• DATASET EXTRACT:
Segment Open

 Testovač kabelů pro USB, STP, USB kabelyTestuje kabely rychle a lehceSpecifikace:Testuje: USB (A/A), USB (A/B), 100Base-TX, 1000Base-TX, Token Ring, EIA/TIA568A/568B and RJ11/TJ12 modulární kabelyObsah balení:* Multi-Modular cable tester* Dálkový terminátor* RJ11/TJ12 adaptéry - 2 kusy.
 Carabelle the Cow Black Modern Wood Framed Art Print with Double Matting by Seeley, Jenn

Segment Closed
Segment Open

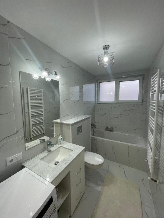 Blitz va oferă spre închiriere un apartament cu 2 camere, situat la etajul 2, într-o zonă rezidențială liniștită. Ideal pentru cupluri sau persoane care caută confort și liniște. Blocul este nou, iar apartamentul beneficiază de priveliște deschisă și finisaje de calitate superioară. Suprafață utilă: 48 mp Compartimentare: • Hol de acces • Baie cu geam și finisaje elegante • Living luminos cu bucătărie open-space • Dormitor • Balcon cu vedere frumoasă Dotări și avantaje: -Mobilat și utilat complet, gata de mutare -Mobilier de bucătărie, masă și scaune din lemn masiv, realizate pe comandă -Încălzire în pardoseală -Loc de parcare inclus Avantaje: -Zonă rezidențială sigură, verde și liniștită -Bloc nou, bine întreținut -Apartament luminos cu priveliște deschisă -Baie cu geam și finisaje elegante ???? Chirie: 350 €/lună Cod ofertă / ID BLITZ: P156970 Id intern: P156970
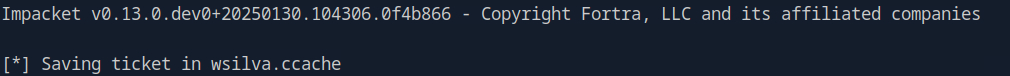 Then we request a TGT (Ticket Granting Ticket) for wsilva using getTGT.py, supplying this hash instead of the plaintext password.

Segment Closed
Segment Open

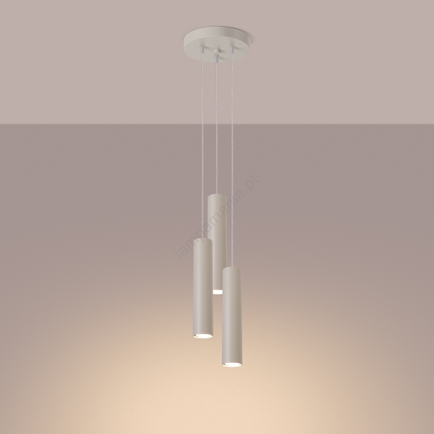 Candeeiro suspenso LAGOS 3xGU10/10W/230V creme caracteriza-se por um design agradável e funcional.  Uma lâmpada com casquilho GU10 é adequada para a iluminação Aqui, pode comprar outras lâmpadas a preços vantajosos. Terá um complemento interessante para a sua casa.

Segment Closed

• PROBLEM TO SOLVE:
In the listing above, find the line with "Testovač kabelů pro" and the line with "Carabelle the Cow", then print exactly those two lines and every line between them, and nothing more.

• YOUR SOLUTION:
 Testovač kabelů pro USB, STP, USB kabelyTestuje kabely rychle a lehceSpecifikace:Testuje: USB (A/A), USB (A/B), 100Base-TX, 1000Base-TX, Token Ring, EIA/TIA568A/568B and RJ11/TJ12 modulární kabelyObsah balení:* Multi-Modular cable tester* Dálkový terminátor* RJ11/TJ12 adaptéry - 2 kusy.
 Carabelle the Cow Black Modern Wood Framed Art Print with Double Matting by Seeley, Jenn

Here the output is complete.